Area of Regular Polygons

Finding the area of a regular polygon when you know the side length

Find the area of an n-sided regular polygon if you know the side length, l.

An octagon for a visual reference

Find the h of the triangle in terms of l and theta.

tan(\theta)=\frac{\frac{l}{2}}{h}

h=\frac{l}{2tan(\theta)}

Remember the area of a triangle is A=\frac{1}{2}bh

Hence, A=\frac{1}{2} l \times \frac{l}{2tan(\theta)}=\frac{l^2}{4tan(\theta)}

And \theta=\frac{360}{2n}=\frac{180}{n}

Therefore A=\frac{l^2}{4tan(\frac{180}{n})}

There are n triangles in an n-sided polygon

(1)   \begin{equation*}A=\frac{nl^2}{4tan(\frac{180}{n})}\end{equation*}

Find the area of a hexagon with side length 10cm.
A=\frac{6\times10^2}{4tan(\frac{180}{6})}
A=\frac{600}{4(\frac{1}{\sqrt{3}})}
A=150\sqrt{3} cm^2

Finding the area of a polygon if you know the inradius or the apothem

The apothem and the inradius are the same. It is the radius of the incircle.

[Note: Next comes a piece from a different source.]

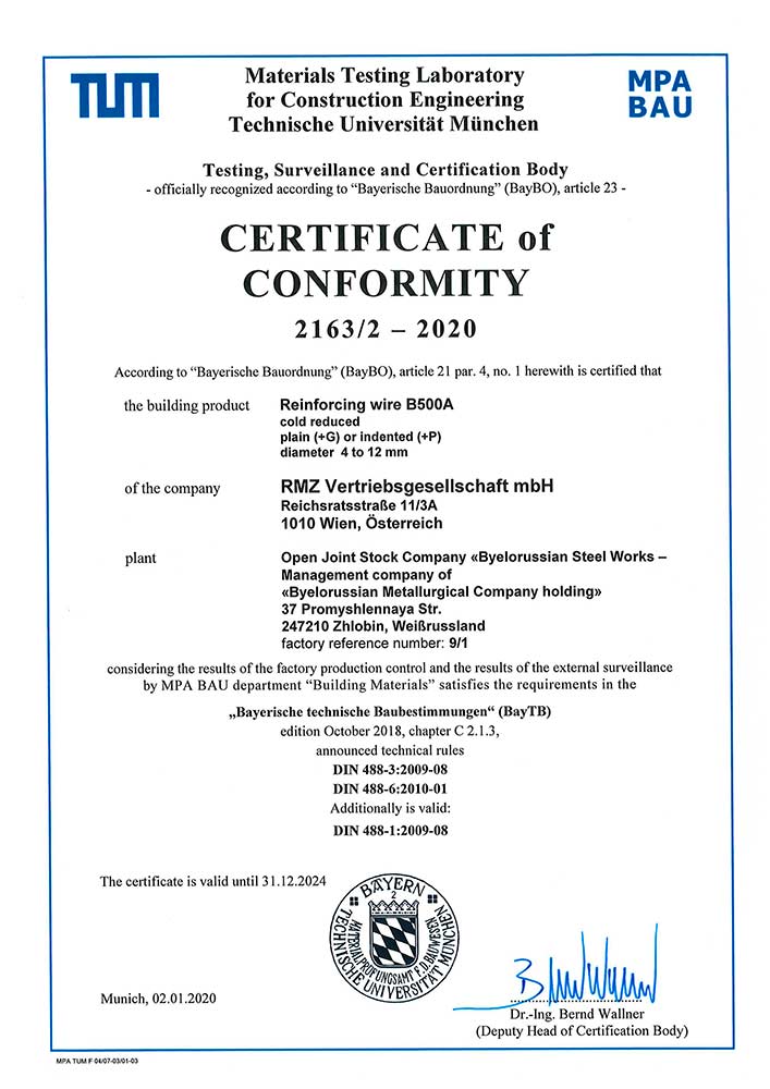 - 25. Certificate №2163/2-2016 (MPA BAU,Germany) for production of cold reduced reinforcing wire B500A plain (+G) or indented (+P) ø 4-12 mm in conformity with DIN 488-3:2009, DIN 488-6:2010 (sign of conformity U)

Find the area of the triangle in terms of a and theta.

tan(\theta)=\frac{\frac{l}{2}}{a}

l=2atan(\theta)

A=\frac{1}{2}bh

A=\frac{1}{2}2atan(\theta)a=a^2tan(\theta)

And \theta=\frac{180}{n}

Hence for an n-sided polygon

(2)   \begin{equation*}A=na^2tan(\frac{180}{n})\end{equation*}

Find the area of a regular pentagon with apothem 4.5cm
A=5\times 4.5^2tan(\frac{180}{5})
A=73.56cm^2

Finding the area of a regular polygon given the circumradius

The circumradius is the radius of the circumscribed circle (R in the diagram above)

Remember the area of triangle formula

A=\frac{1}{2}absin(\theta)

A=\frac{1}{2}R^2sin(\theta)

\theta=\frac{360}{n}

Hence, A=\frac{1}{2}R^2sin(\frac{360}{n})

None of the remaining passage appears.